TASK DETAILS.
This task calls for the lines below starting at the one containing "These polished gold" and ending at the one containing "Steve was already", repeated exactly with both ends kept and pictures left out.

SOURCE INFORMATION.
[Start of Attachment]
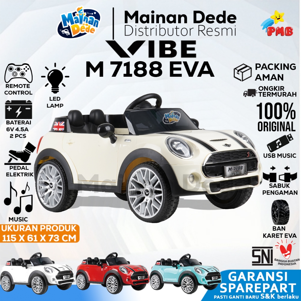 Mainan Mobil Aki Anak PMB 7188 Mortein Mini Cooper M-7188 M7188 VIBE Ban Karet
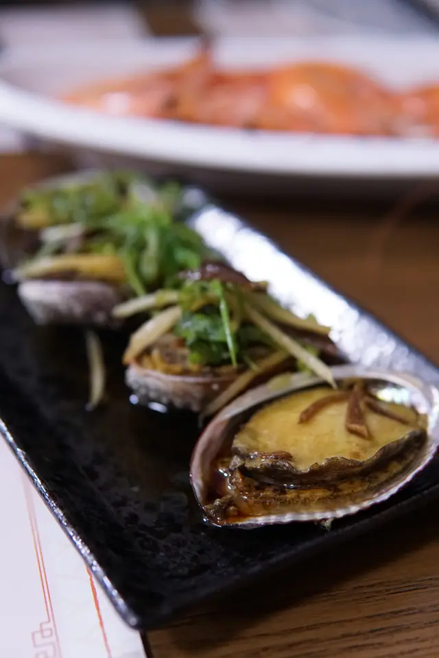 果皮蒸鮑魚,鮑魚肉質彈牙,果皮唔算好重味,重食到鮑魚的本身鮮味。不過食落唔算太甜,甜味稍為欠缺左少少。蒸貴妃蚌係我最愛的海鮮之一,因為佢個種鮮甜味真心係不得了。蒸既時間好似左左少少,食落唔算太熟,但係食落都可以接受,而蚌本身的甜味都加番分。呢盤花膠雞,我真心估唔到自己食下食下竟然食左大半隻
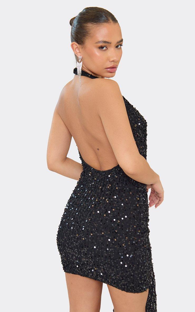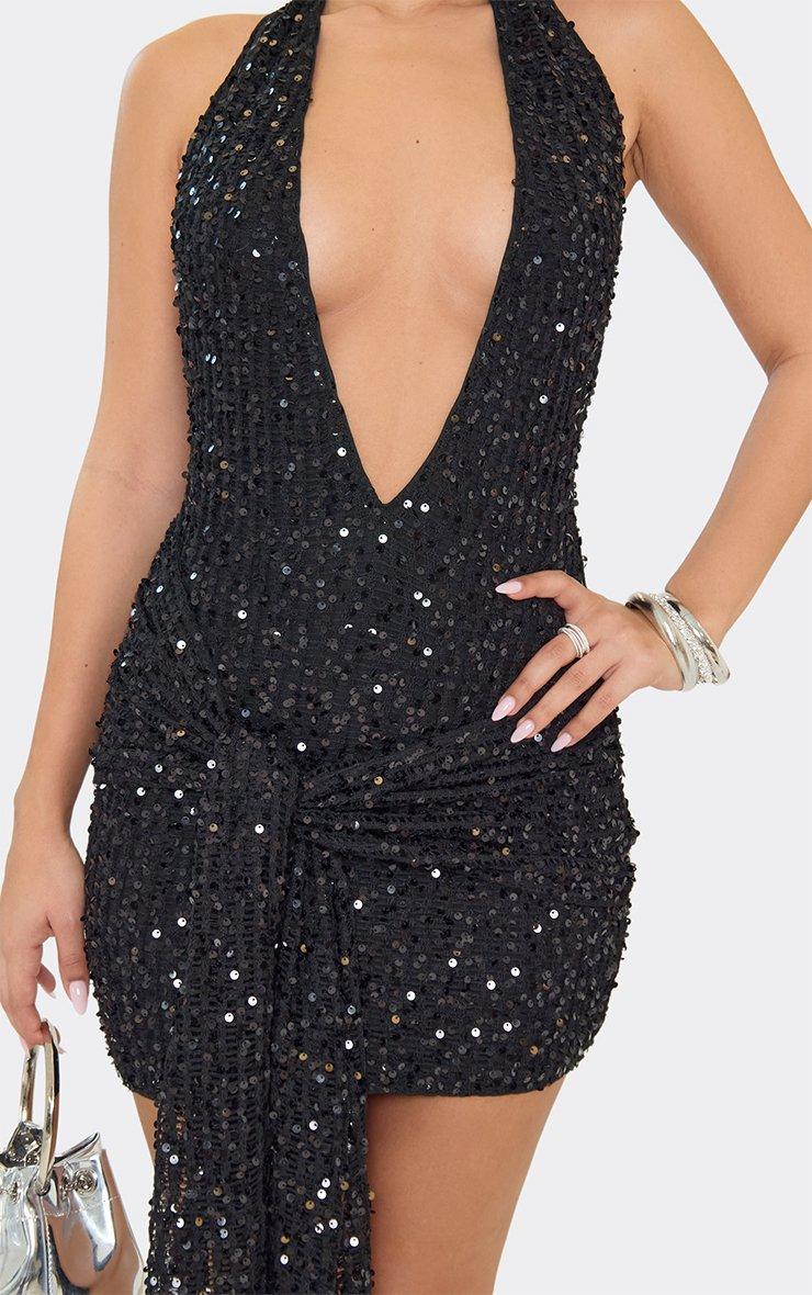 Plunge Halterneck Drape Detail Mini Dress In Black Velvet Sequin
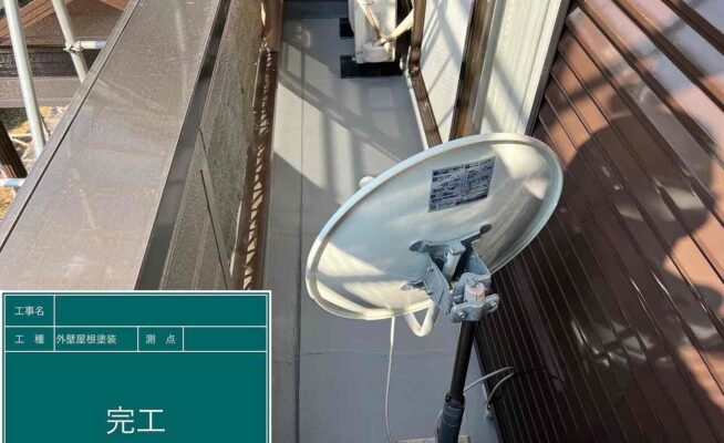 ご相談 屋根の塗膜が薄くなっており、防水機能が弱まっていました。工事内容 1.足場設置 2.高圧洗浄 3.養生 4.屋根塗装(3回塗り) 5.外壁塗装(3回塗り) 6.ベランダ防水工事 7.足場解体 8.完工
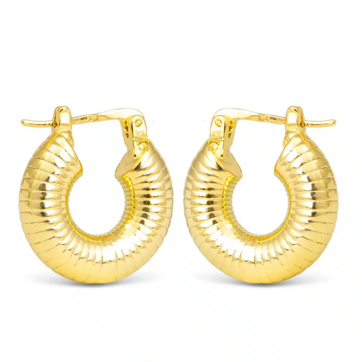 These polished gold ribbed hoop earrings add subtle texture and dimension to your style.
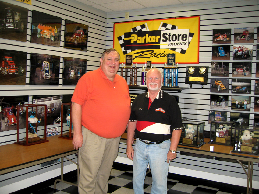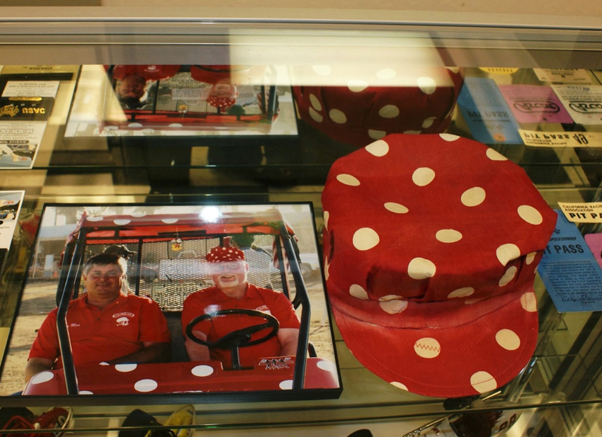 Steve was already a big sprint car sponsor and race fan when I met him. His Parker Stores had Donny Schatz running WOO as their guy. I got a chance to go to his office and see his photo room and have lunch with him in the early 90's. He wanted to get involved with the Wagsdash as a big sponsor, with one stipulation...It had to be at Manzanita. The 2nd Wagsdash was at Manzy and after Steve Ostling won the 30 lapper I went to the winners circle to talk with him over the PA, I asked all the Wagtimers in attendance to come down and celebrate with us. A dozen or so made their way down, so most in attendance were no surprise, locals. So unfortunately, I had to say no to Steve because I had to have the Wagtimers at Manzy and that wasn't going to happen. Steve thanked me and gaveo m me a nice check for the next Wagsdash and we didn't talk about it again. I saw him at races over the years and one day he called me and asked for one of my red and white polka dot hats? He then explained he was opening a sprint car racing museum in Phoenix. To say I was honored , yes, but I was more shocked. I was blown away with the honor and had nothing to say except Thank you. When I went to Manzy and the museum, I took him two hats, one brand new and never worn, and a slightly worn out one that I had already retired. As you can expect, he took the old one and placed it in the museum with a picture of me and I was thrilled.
[End of Attachment]
[Start of Attachment]
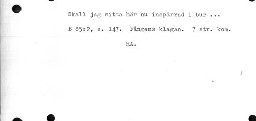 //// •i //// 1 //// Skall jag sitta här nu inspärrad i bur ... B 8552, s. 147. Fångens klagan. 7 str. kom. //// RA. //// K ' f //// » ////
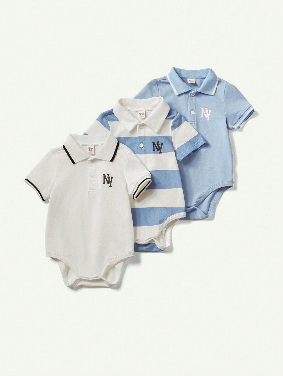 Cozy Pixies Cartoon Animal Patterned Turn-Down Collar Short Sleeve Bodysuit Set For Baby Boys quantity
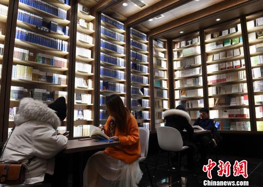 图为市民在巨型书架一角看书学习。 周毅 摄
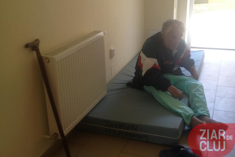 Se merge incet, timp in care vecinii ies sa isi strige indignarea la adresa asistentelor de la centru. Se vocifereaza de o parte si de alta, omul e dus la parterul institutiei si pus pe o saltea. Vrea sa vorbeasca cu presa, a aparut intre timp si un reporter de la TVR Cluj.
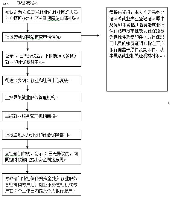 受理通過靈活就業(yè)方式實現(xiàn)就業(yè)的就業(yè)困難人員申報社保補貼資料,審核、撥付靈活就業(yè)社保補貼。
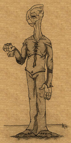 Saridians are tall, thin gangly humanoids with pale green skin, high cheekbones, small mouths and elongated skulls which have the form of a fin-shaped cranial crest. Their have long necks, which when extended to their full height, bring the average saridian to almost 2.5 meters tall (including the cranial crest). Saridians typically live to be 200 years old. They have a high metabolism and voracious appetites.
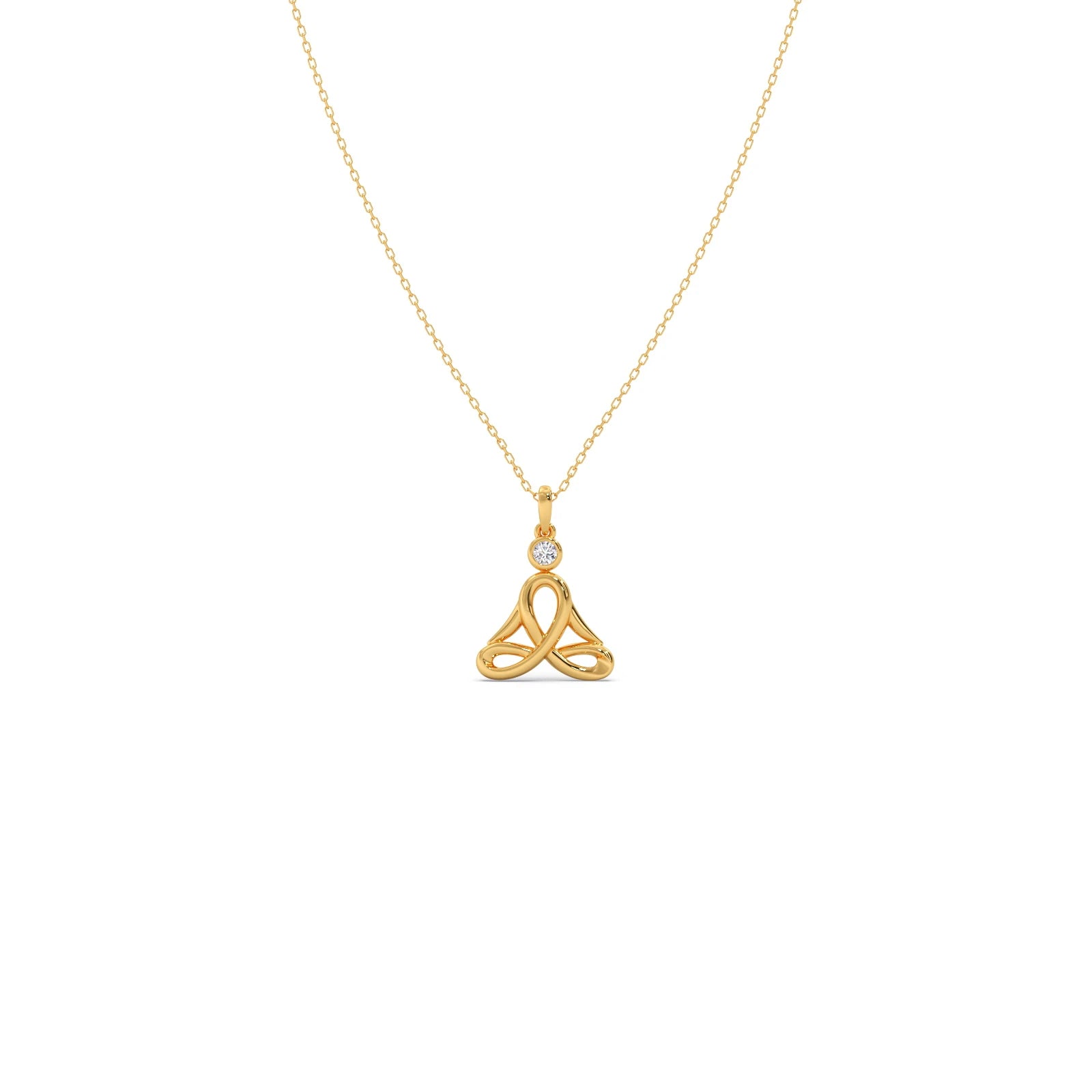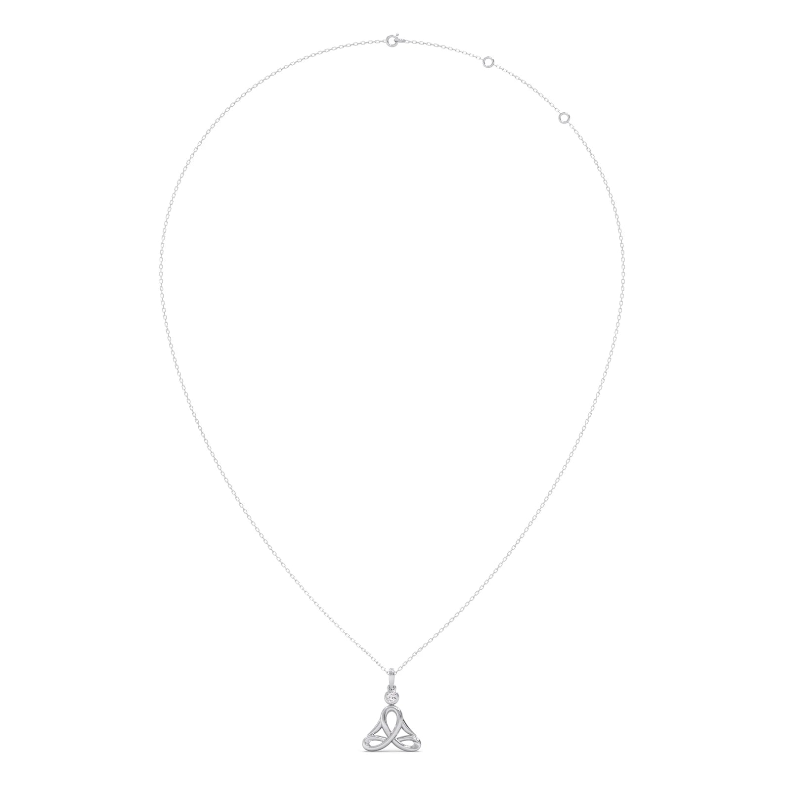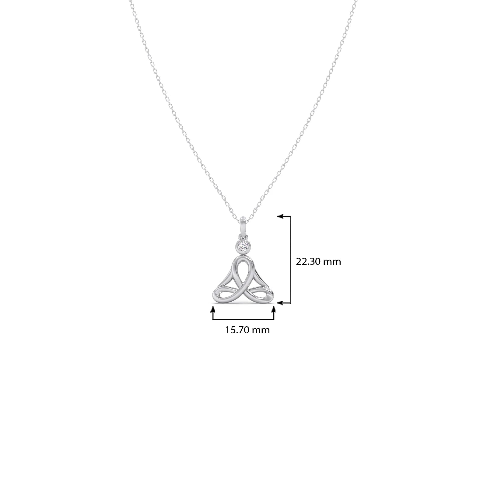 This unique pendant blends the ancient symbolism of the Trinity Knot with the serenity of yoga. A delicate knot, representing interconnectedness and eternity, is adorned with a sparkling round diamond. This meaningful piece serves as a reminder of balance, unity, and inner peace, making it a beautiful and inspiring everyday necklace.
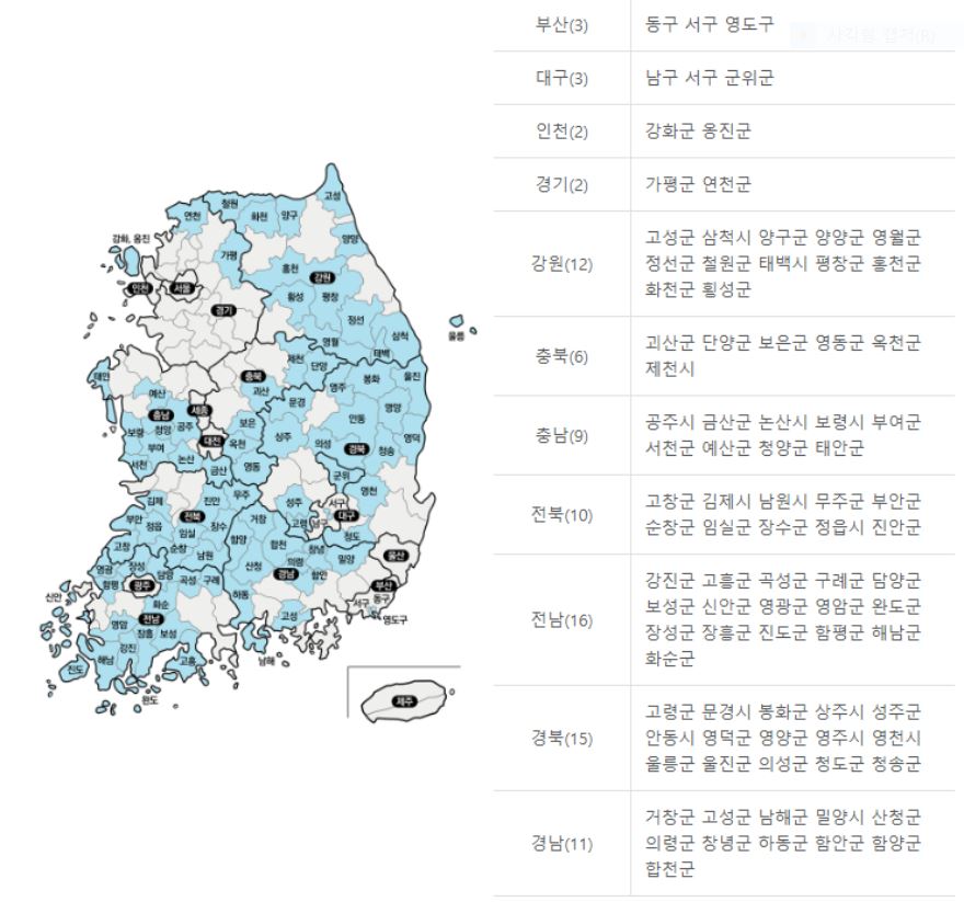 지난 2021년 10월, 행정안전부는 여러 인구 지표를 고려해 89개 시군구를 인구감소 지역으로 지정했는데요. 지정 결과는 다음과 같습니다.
[End of Attachment]
[Start of Attachment]
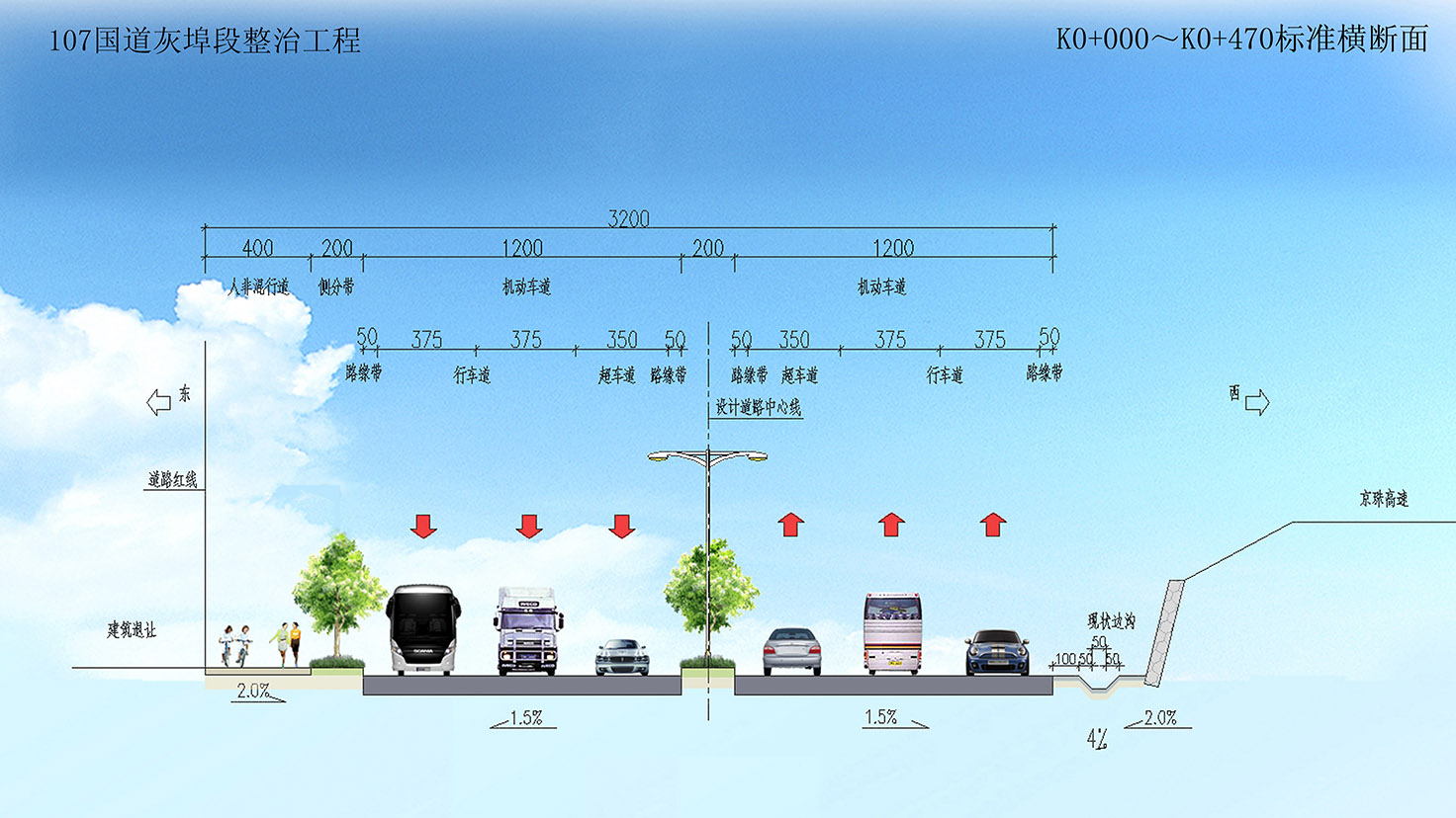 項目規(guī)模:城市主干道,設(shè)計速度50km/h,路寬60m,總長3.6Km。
[End of Attachment]
RESPONSE AREA.
 These polished gold ribbed hoop earrings add subtle texture and dimension to your style.
 Steve was already a big sprint car sponsor and race fan when I met him. His Parker Stores had Donny Schatz running WOO as their guy. I got a chance to go to his office and see his photo room and have lunch with him in the early 90's. He wanted to get involved with the Wagsdash as a big sponsor, with one stipulation...It had to be at Manzanita. The 2nd Wagsdash was at Manzy and after Steve Ostling won the 30 lapper I went to the winners circle to talk with him over the PA, I asked all the Wagtimers in attendance to come down and celebrate with us. A dozen or so made their way down, so most in attendance were no surprise, locals. So unfortunately, I had to say no to Steve because I had to have the Wagtimers at Manzy and that wasn't going to happen. Steve thanked me and gaveo m me a nice check for the next Wagsdash and we didn't talk about it again. I saw him at races over the years and one day he called me and asked for one of my red and white polka dot hats? He then explained he was opening a sprint car racing museum in Phoenix. To say I was honored , yes, but I was more shocked. I was blown away with the honor and had nothing to say except Thank you. When I went to Manzy and the museum, I took him two hats, one brand new and never worn, and a slightly worn out one that I had already retired. As you can expect, he took the old one and placed it in the museum with a picture of me and I was thrilled.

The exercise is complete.